Hoarseness is a general term used to describe any voice changes. This may include changes in voice quality (breathy, raspy, or strained), volume (loudness), or pitch (high or low).
Probably the most feared cause of hoarseness is a cancer of the larynx. Smoking and alcohol are major risk factors for cancer. Any smoker who is hoarse should be seen by an otolaryngologist.
Most causes of hoarseness are not serious and tend to go away in a short period of time. An example is acute laryngitis which is usually associated with the common cold, upper respiratory tract infection, or vocal abuse (excessive voice use or screaming/yelling).
Other benign causes of hoarseness include postnasal drainage or gastroesophageal reflux disease. Vocal nodules, small callous-like growths on the vocal cords, result from prolonged vocal abuse. Neurological disorders can cause impairment of vocal cord movement and also result in swallowing difficulty. A vocal cord paralysis often results in a breathy voice or a voice that fatigues – stronger at the start of the day and breathy or gone by the end of the day. This can be caused by tumors of the skull base, neck and chest pressing on the nerve that controls vocal cord movement, viral infections, inadvertent injury during surgery, blunt neck or chest trauma, and occasionally from endotracheal intubation.
Some systemic diseases can cause hoarseness such as laryngeal myxedema from hypothyroidism. Medications causing chronic cough (such as angiotensin-converting enzyme inhibitors) can lead to voice changes.
The typical examination for hoarseness includes a full head and neck exam as well as visualization of the vocal cords. Sometimes a full view with a hand held mirror in the throat can be obtained but usually a view with a fiberoptic scope is needed.
Photodocumentation and the use of stroboscopy (slow motion assessment) is used to help evaluate the condition and motion of the vocal cords.
There are two main types of scopes that may be used. One is a flexible fiberoptic scope that is inserted into the nose and gently down into the upper part of the throat. This allows testing of sensation and visualization of the cords during phonation as well as eating. Sometimes you may be asked to ingest food or water colored with a food dye during fiberoptic visualization to assess for any signs of aspiration (food going down into the trachea instead of the esophagus). This exam is called a fiberoptic endoscopic examination of swallowing (FEES).
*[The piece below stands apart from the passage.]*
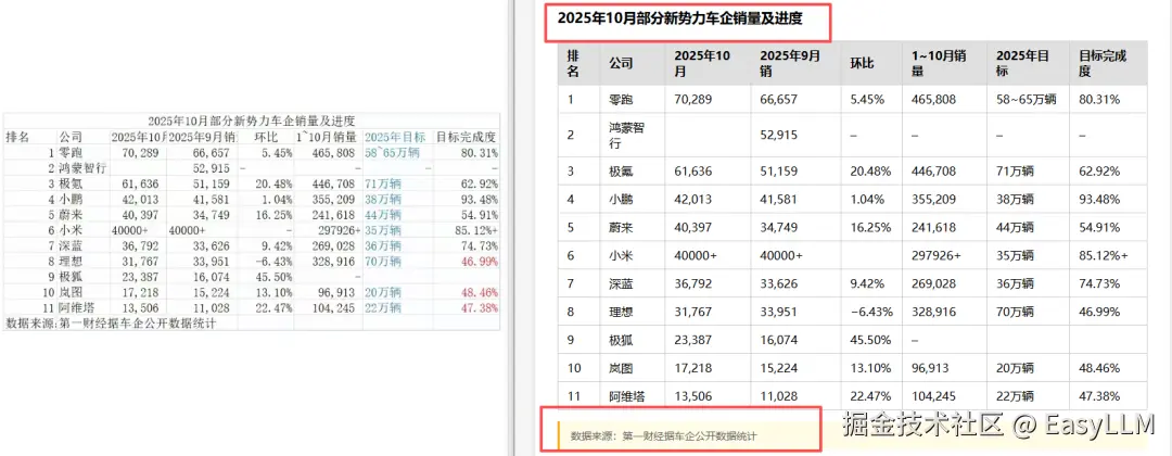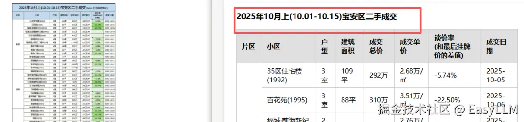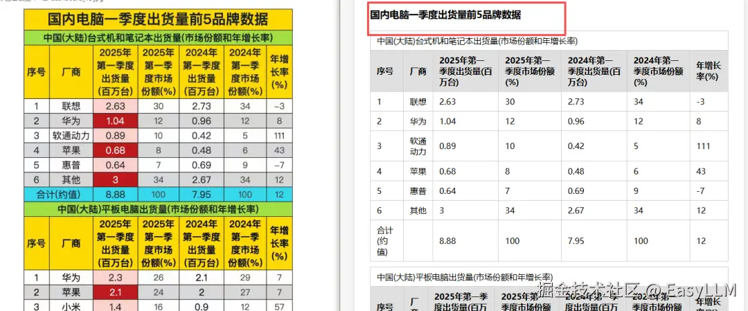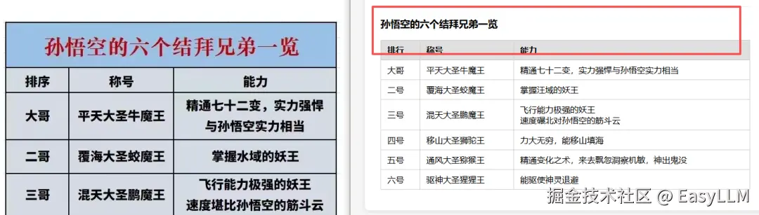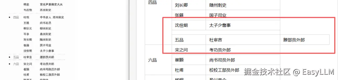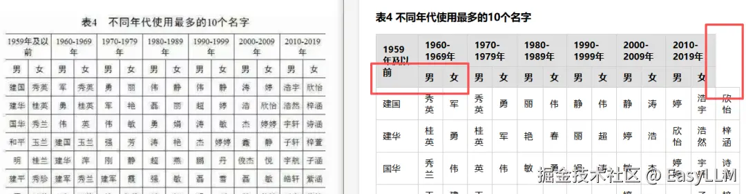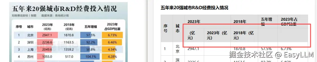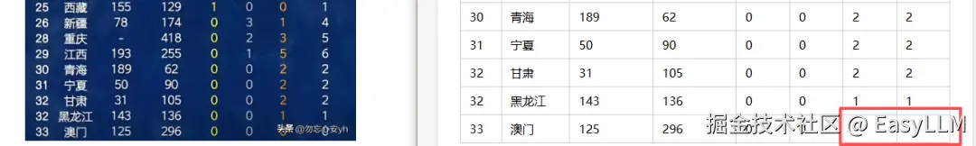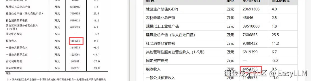 几乎涵盖了我们定义的所有错误类型:表头内容识别错误或直接缺失;相邻单元格内容合并导致数值串行;无法识别表格边界,凭空多出行列;水印区域不仅丢内容,还会把水印文字混入表格数据;标题经常被直接省略,只输出光秃秃的表格主体。

The other scope is a rigid fiberoptic scope that provides superior resolution and better detailed visualization of the vocal cords and surrounding throat. This scope is held inside the mouth.
Treatment of hoarseness depends on the cause. Often behavior modification such as diet and vocal behavior is all that is needed. Diet modification and medications can help with gastroesophageal reflux. Vocal abuse is often treated with voice rest and may be modified with the help of speech and language pathologists and professional voice trainers. Staying well hydrated and sometimes using medications to thin mucus can help. Avoiding smoking and exposure to second hand smoke will decrease the risk of laryngeal cancer.
Sometimes surgery on the vocal cords will expedite recovery and is often entertained after conservative measures above have failed. Removal of vocal cord nodules or masses will often fail if the initial reasons for vocal abuse are not addressed and removed.
If the reason for hoarseness is related to vocal cord paralysis, voice therapy can improve the voice or a procedure to augment the vocal cord can be done. Patients with this problem often also have difficulty protecting their airway during swallowing and can aspirate food. If the patient also has a weak cough and can’t clear the aspirated food, this can lead to pneumonia. A vocal cord injection with an absorbable material can offer a few months relief for patients with a likely temporary vocal cord paralysis (after an upper respiratory tract infection, recent neck or chest surgery where the nerve that moves the cord is identified and intact but “stunned” after surgery). For permanent paralysis or a paralysis that lasts over a year a permanent but reversible surgery to augment the vocal cord is offered.
Laryngeal cancer (link to throat cancer treatments) is a separate category and is not treated with conservative measures. A biopsy in the operating room is required for diagnosis but the treatment includes surgery, radiation therapy, chemotherapy or a combination of these treatments.